The Empliciti combination delayed the need for subsequent myeloma therapy by a median of one year compared to Rd alone. A pre-specified interim analysis of OS found a positive trend favoring the Empliciti combination versus Rd alone (HR 0.77; [{95% CI: 0.61, 0.97; 98.6% CI: 0.58, 1.03}; p=0.0257]), though at the time of the interim analysis the OS endpoint had not reached the pre-determined threshold for statistical significance. Patients will continue to be followed for survival. Updated safety and tolerability data were consistent with previous findings.
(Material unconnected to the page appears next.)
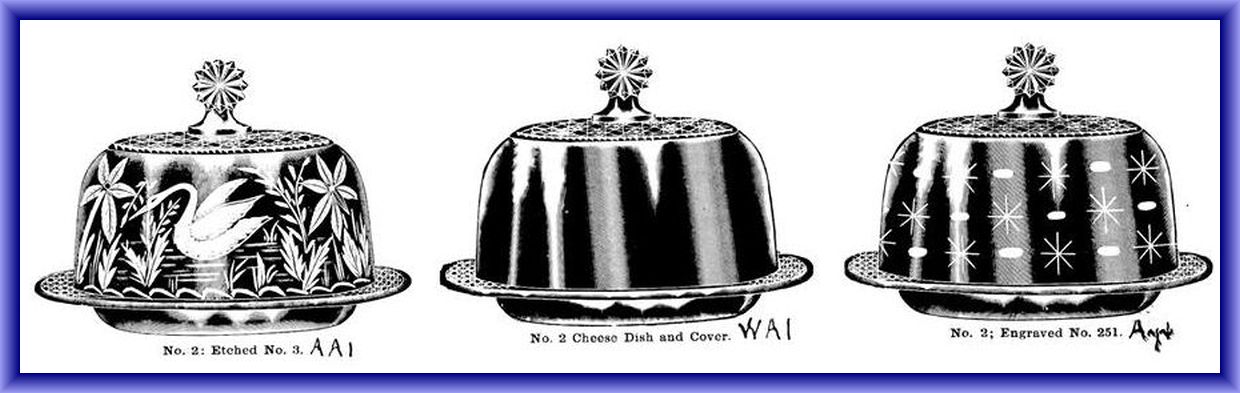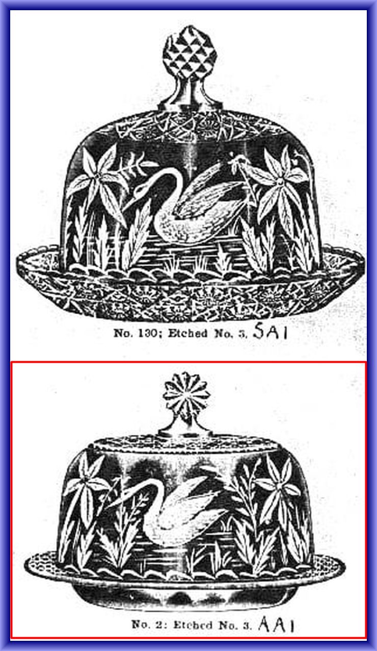 NOTE: The clear dome could be etched or engraved. Made in two styles- a high domed cover and a low flat cover. Example here has #3 etch aka Feeding Swan.
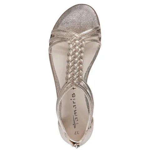 Rigtig fin guldsandal med flet på vristen. Sandalen lukkes med lynlås på den lukkede hælkappe. God til forårets og sommerens fester.

Common Grade 3 or 4 adverse events included neutropenia (26%), anemia (15%), fatigue (9%), and diarrhea (5%).
These data from ELOQUENT-2, a randomized, open-label, Phase 3 study (Abstract #28) were presented at the 57th American Society of Hematology (ASH) Annual Meeting and Exposition in Orlando, FL.
“The Empliciti extended follow-up results provide physicians with additional insight into the potential benefit this new treatment may offer patients with relapsed or refractory multiple myeloma,” said Paul G. Richardson, M.D., Clinical Program Leader and Director of Clinical Research, Jerome Lipper Multiple Myeloma Center, Dana-Farber Cancer Institute. “Empliciti represents a new approach in multiple myeloma treatment of directly activating the body’s immune system, and it is very encouraging to see these data demonstrate the efficacy benefit persisted in some patients up to three years, allowing patients to live longer without experiencing disease progression.”
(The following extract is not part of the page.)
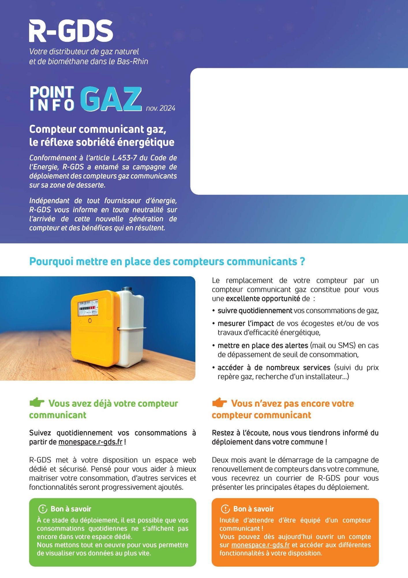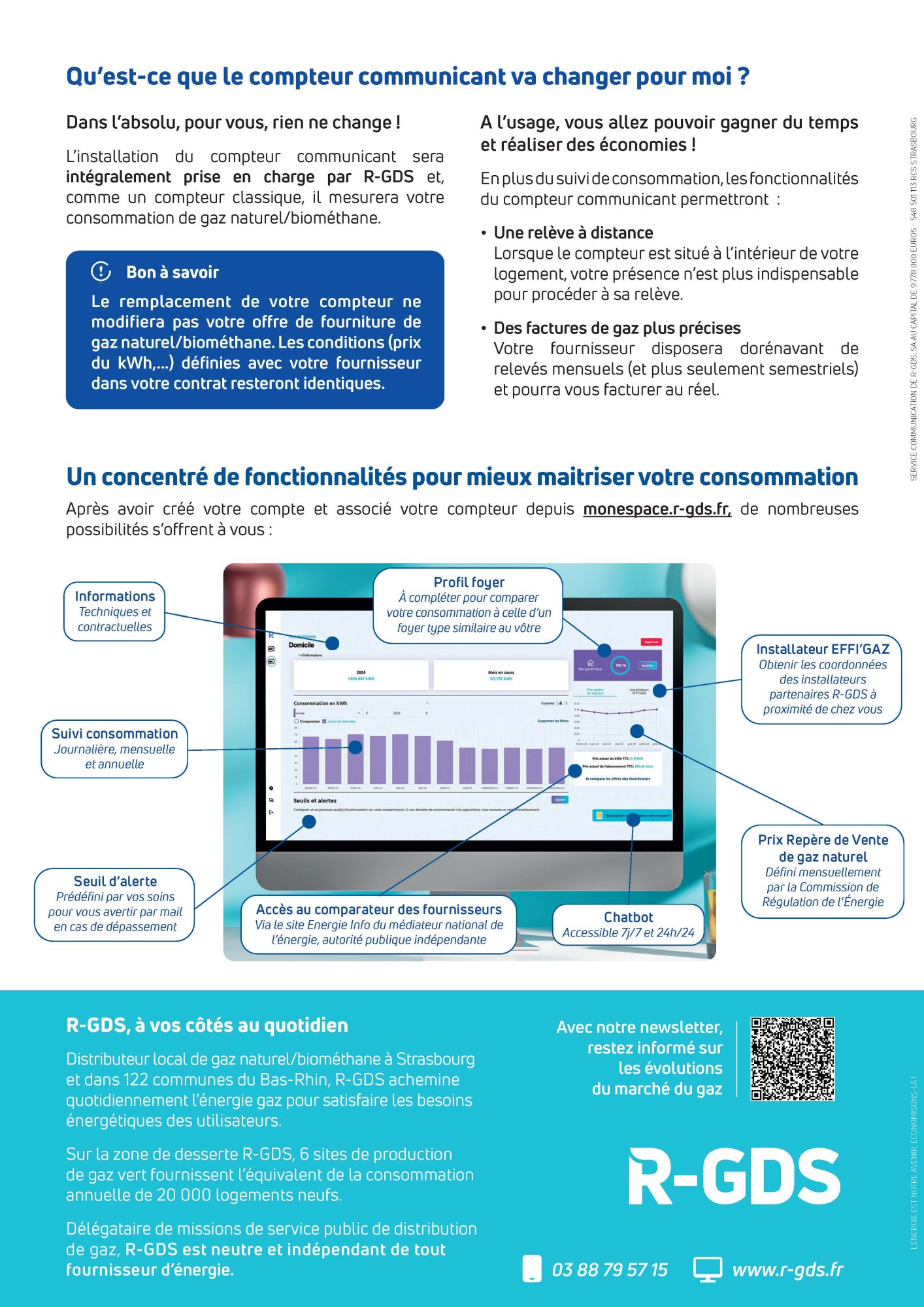 Si vous n’avez pas encore de compteur communicant, vous recevrez un courrier de R-GDS environ deux mois avant le début de la campagne d’installation dans votre secteur. Une fois votre compteur installé, vous pourrez créer un compte sur monespace.r-gds.fr et accéder aux fonctionnalités disponibles.

Empliciti as combination therapy with lenalidomide and dexamethasone was approved by the U.S. Food and Drug Administration on November 30, 2015, for the treatment of patients with multiple myeloma who have received one to three prior therapies.
“The extended follow-up and overall survival data presented at ASH for our immunostimulatory antibody, Empliciti, reinforce our commitment to helping improve outcomes for patients with multiple myeloma,” said Michael Giordano, M.D., senior vice president, head of Development, Oncology, Bristol-Myers Squibb. “These data further demonstrate Empliciti as combination therapy provides improved efficacy compared to lenalidomide and dexamethasone alone.”
About ELOQUENT-2
ELOQUENT-2 (CA204-004) is a randomized, open-label, Phase 3 study evaluating Empliciti in combination with lenalidomide and dexamethasone (ERd) versus lenalidomide and dexamethasone (Rd) alone in patients with relapsed or refractory multiple myeloma. The trial enrolled 646 patients who had received one to three prior therapies. Patients were randomized 1:1 to receive either Empliciti 10 mg/kg in combination with Rd or Rd alone in 4-week cycles until disease progression or unacceptable toxicity. Baseline patient demographics and disease characteristics were well balanced between treatment arms and included a meaningful portion of patients who were ? 65 years old, had high-risk cytogenetics, and/or were refractory to the most recent line of therapy. The co-primary endpoints were PFS, as assessed by HR, and overall response rate. Results of the primary analysis of the ELOQUENT-2 study were published in The New England Journal of Medicine on June 2, 2015.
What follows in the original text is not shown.